I want to end this blog essay with some observations following from the commentary section of the Pew survey. I have no grand conclusions to offer regarding the survey because I simply don't have enough data. Further, I'm not sure grand conclusions are even possible considering the complexity of the journalistic enterprise.
First, let's consider this:
Five years ago, people in the news business shared two overriding concerns. As we said back then, "They believe that the news media have blurred the lines between news and entertainment and that the culture of argument is overwhelming the culture of reporting. Concerns about punditry overwhelming reporting, for instance, have swelled dramatically in only four years."
Today, the concerns are more varied and less easy to categorize. The worries about punditry are still there but they have diminished both nationally and especially locally.
A bigger issue now is a sense of shallowness. Roughly eight-in-ten in the news business feel the news media pay "too little attention to complex issues," up from five years ago to levels seen in the mid-1990s, at the peak of the fascination with tabloid crime stories like O.J. and JonBenet Ramsey.
I think the concerns of today are related to the concerns of five years ago. The culture of argument (I don't like that choice of words) is puddle deep. Entertainment as news has always been as thin as rice paper, but, then, it's supposed to be--although I've certainly worn out enough keyboard plastic complaining about it.

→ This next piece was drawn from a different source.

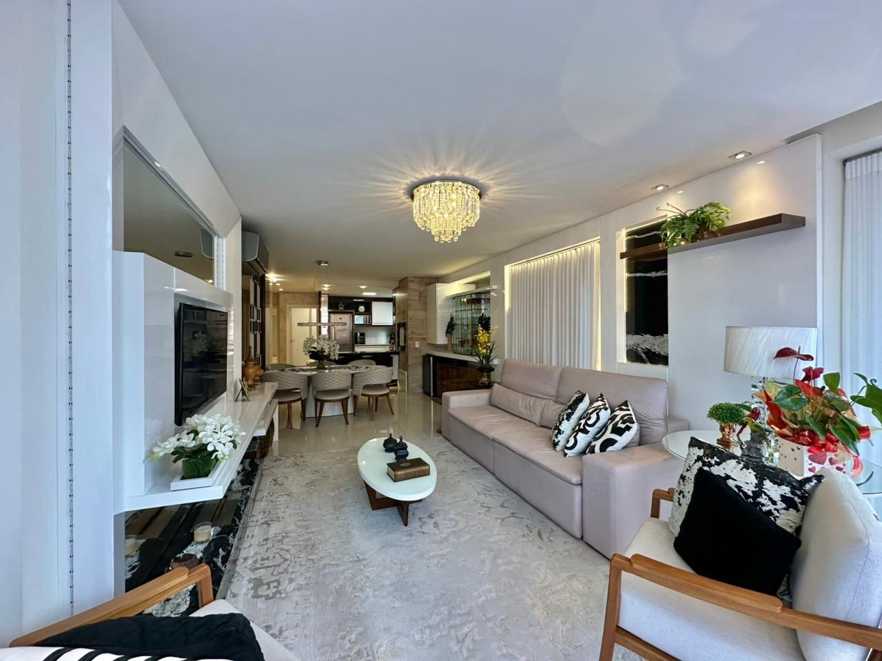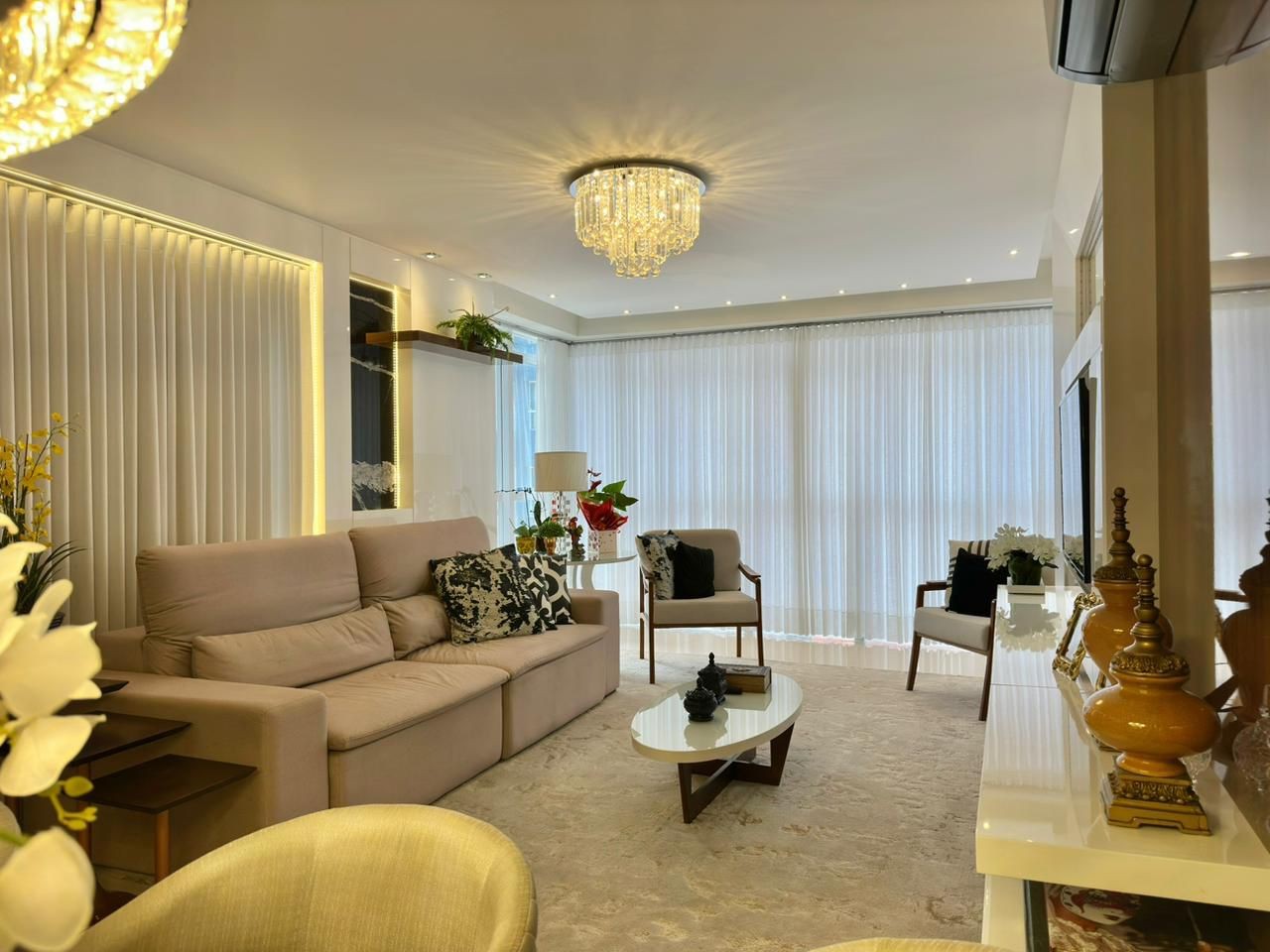 03 dormitórios (Sendo 01 suíte) Banho social Lavabo Gabinete Sacada de frente Vista para o mar Vista para a serra Orientação solar Norte/ Oeste Mobiliado Decorado Altíssimo padrão 129, 00 M² privativos 02 Box Edifício Alto padrão 02 Elevadores Hall decorado Piscina Salão de festas Sala de Jogos Espaço fitness

Punditry (which is what I take the "culture of argument" to indicate) and news as entertainment lead to shallowness. So the concerns of five years ago were well justified, I think. As is the concern today for the resulting shallowness. At the release of the next survey will journalists be complaining about problems that (obviously?) follow shallowness? Hmmmm...
What can be done about it? Let's blame readers!
Ultimately journalism is predicated on faith in the public. Here, journalists' views have become dramatically more pessimistic.
The percentage of national journalists who have a great deal of confidence in the ability of the American public to make good decisions has declined by more than 20 points since 1999. Confidence among local journalists has fallen as well.
What is going on? Does this suggest that as news people get closer to their audiences they conclude people are less wise than they once believed? Is it possible that market research data is persuading journalists today that they understand their audiences better and also that those audiences are dumber than they thought?
Or, is the loss of confidence in the public more tied to journalists' views about the content of news? They see news doing a poorer job of covering complex issues and conclude that this will leave Americans unprepared for making good decisions.
It is also possible that journalists are leaping to another conclusion: They see the content of the news becoming shallower and conclude that this must be what the public wants or why else would their organizations be providing it?
And the authors posit one more possibility which will act as a lightening rod for the simplistic thinking of the typical bias critic:
There is also a fourth possibility: liberal journalists unhappy with President George W. Bush's policies could be dismayed that the public chose Bush in 2000 and until recently have largely approved of his performance.
Until recently it has appeared that the press has approved of Bush's policies, too. For example: all the recent bellyaching about not being more skeptical in the build up to the war in Iraq. But never mind.
The commentary also spends a lot of ink on the economic woes of the profession. Journalists live with very real economic constraints that hurt news coverage. Far too many news organizations are owned by companies that demand a profit margin that would make a robber baron blush. It's difficult to practice good journalism under such conditions.
But good journalism can still be practiced because, ultimately, what it takes is fidelity to the best practices of the profession. One can, among other things, take readers seriously, be custodian of the facts, follow the objective process of reporting, seek fairness and understanding, and edit with sensitivity and skepticism without spending very much money.